*Given data*.

_ _ _ _

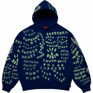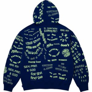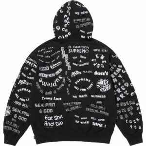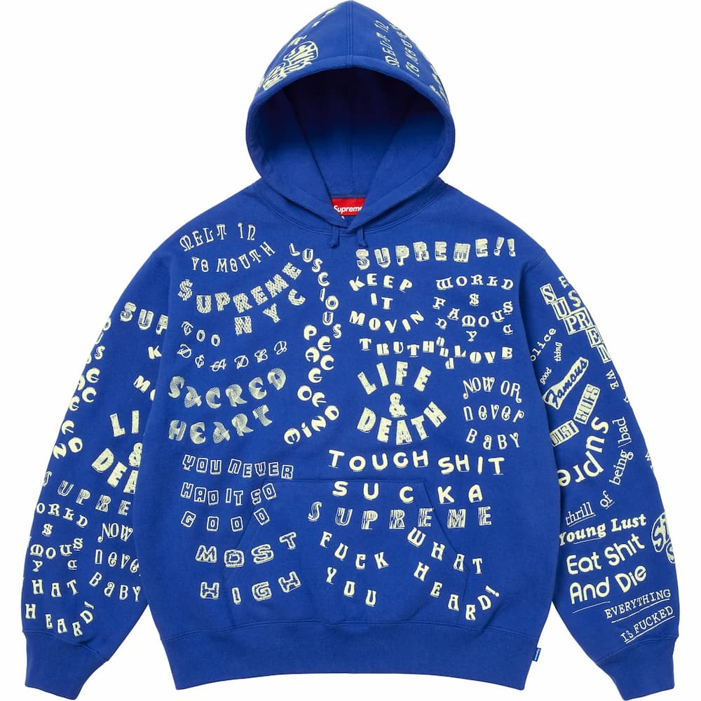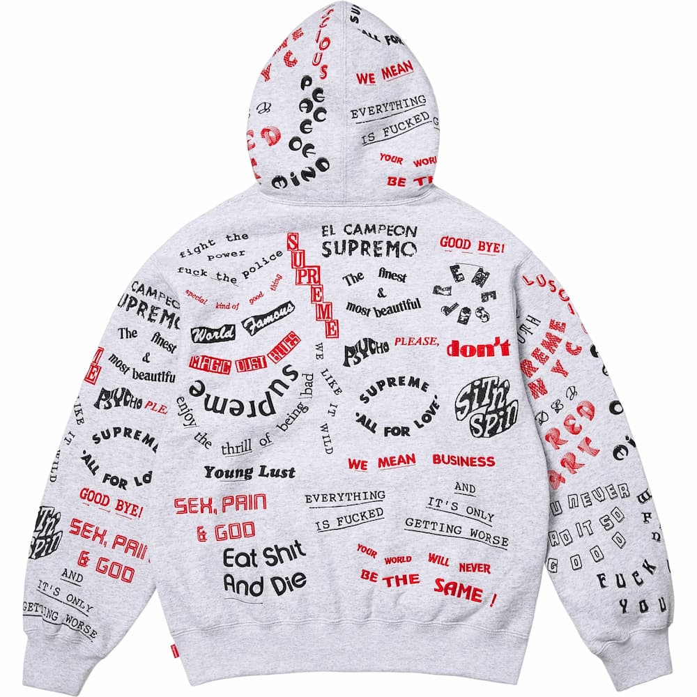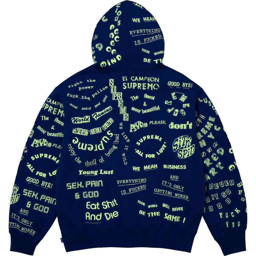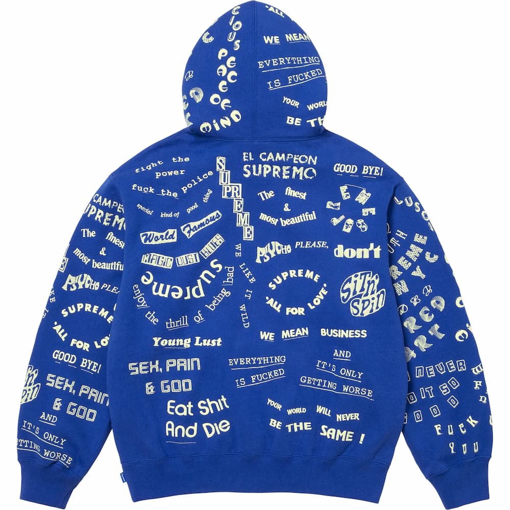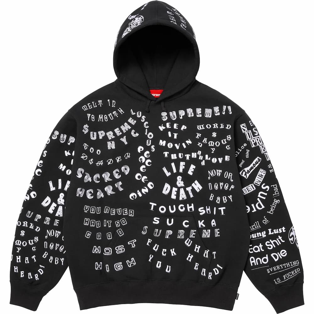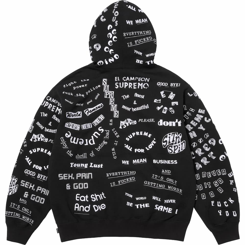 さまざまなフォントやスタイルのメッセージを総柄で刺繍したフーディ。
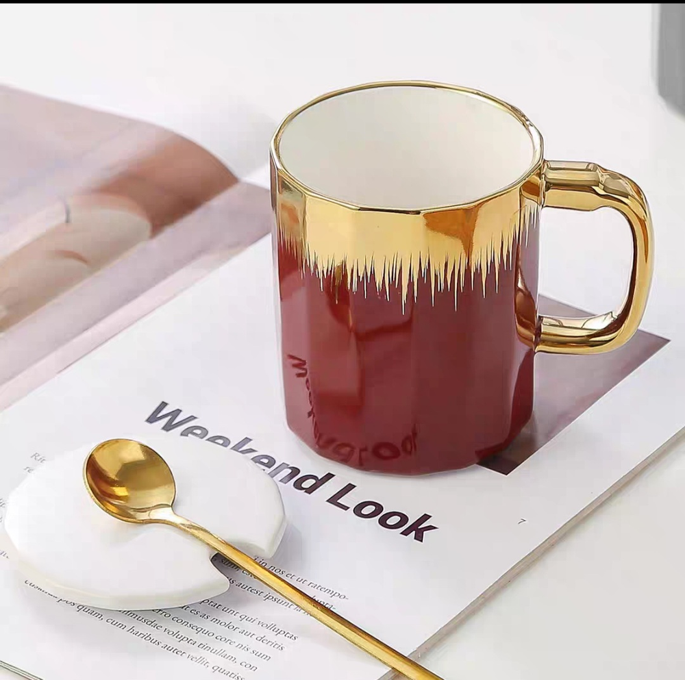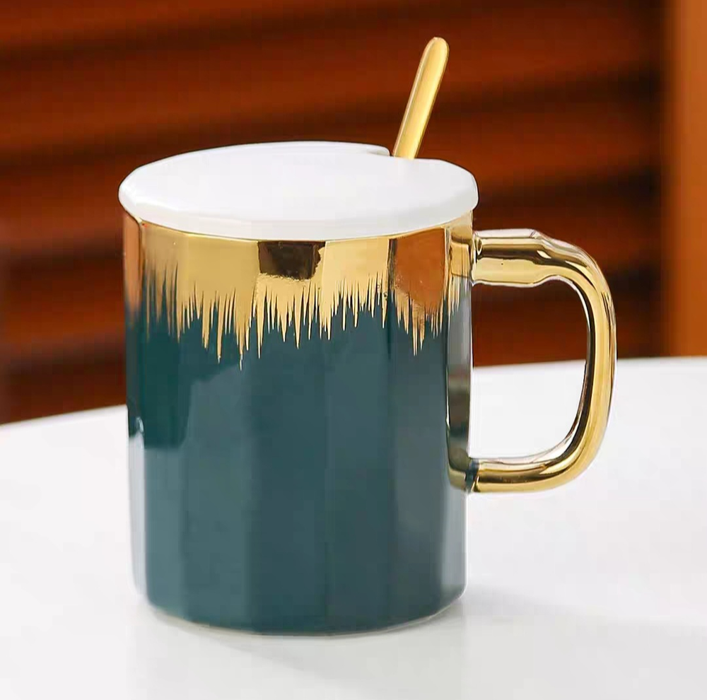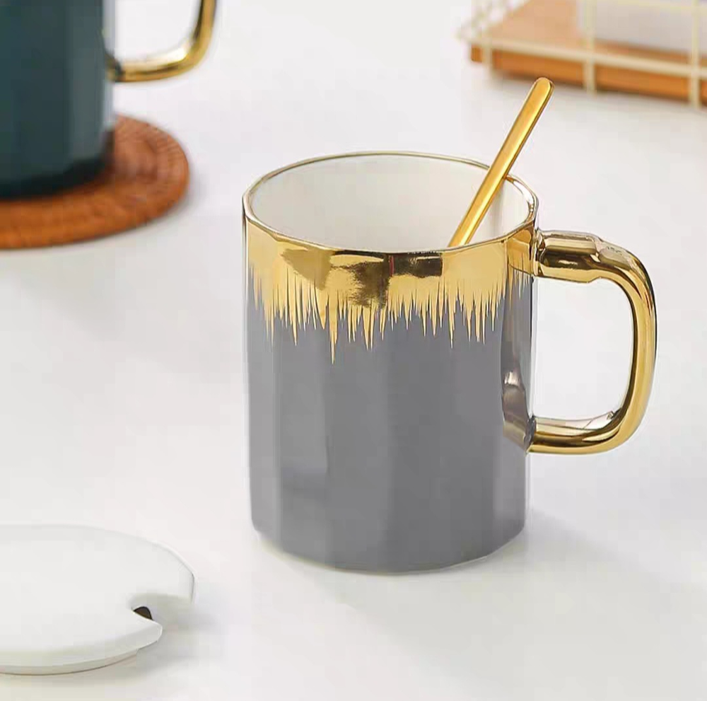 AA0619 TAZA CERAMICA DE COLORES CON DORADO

_ _ _ _

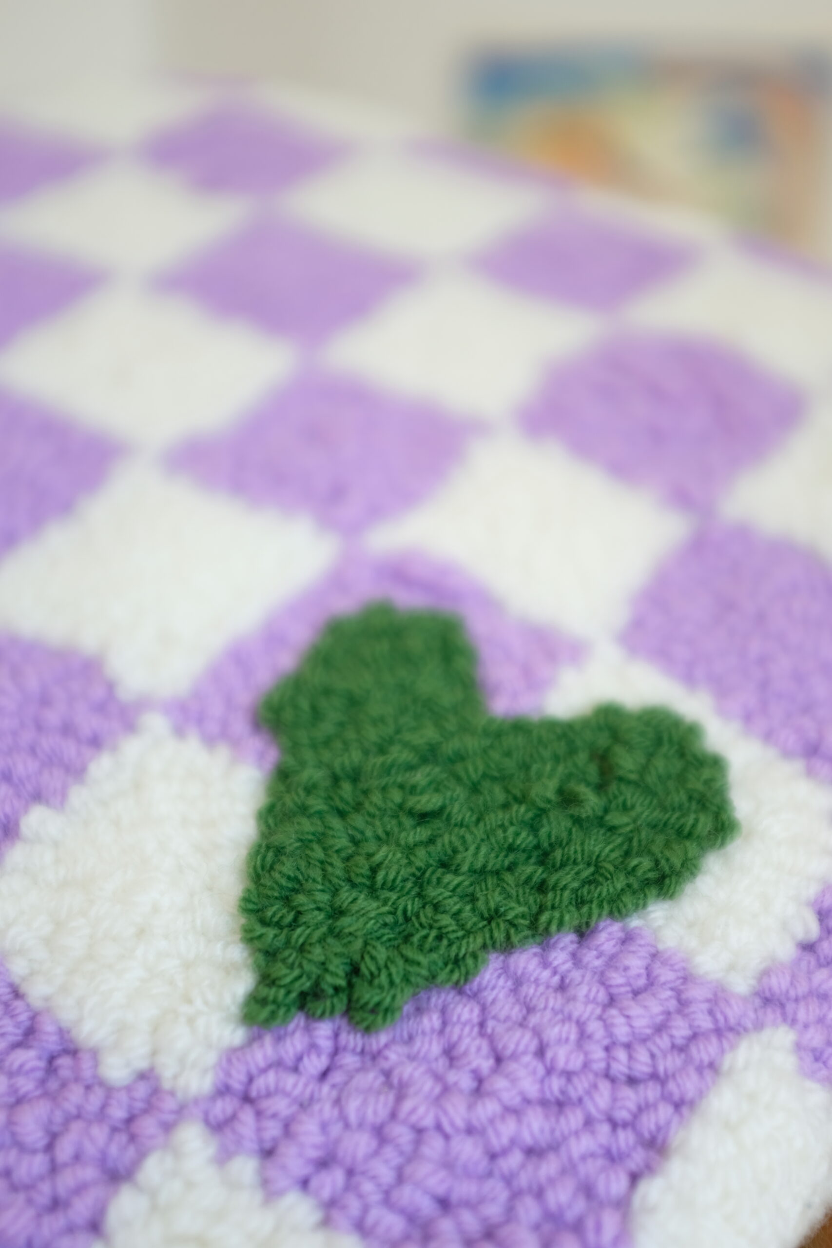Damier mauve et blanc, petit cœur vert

_ _ _ _

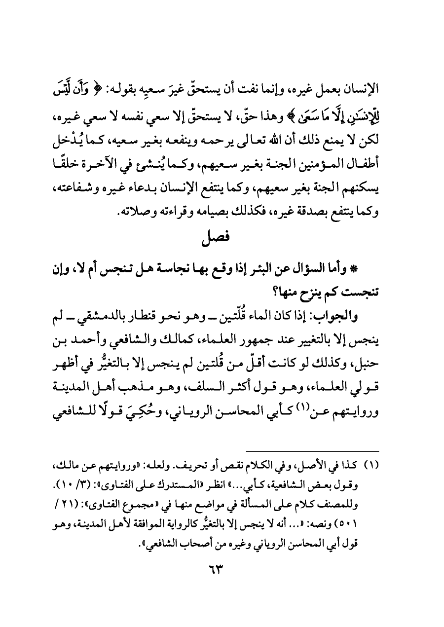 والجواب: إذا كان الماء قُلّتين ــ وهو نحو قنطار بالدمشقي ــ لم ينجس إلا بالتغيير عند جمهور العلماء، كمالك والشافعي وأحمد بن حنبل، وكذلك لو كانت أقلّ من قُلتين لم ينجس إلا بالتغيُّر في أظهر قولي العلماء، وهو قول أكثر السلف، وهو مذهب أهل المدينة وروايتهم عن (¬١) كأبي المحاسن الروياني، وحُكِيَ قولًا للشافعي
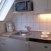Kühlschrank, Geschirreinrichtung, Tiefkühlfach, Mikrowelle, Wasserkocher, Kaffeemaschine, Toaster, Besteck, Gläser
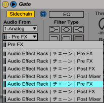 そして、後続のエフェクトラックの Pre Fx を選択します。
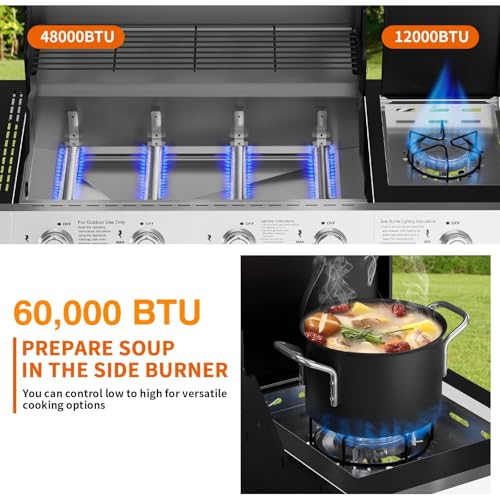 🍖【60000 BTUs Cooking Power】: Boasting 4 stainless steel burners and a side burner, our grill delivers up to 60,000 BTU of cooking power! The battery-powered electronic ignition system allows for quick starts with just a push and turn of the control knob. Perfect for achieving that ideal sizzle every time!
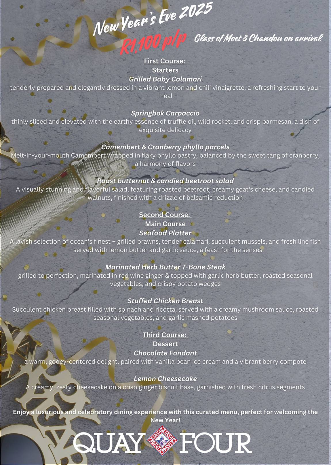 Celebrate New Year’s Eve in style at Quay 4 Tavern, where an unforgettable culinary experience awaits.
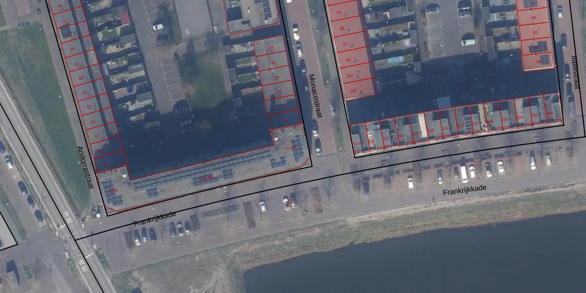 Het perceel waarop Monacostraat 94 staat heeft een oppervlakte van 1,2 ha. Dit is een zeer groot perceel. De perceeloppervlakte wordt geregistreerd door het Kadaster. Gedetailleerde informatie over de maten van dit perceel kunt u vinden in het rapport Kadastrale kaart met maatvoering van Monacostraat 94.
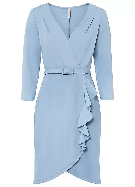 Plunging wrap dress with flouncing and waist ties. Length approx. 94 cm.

_ _ _ _

*Work task*.
Nothing but the lines from the one with "さまざまなフォントやスタイルのメッセージを総柄で刺繍したフーディ。" to the one with "AA0619 TAZA CERAMICA DE COLORES CON DORADO" above, both included, should be transcribed, exactly and without pictures.

*Solution*.
 さまざまなフォントやスタイルのメッセージを総柄で刺繍したフーディ。
 AA0619 TAZA CERAMICA DE COLORES CON DORADO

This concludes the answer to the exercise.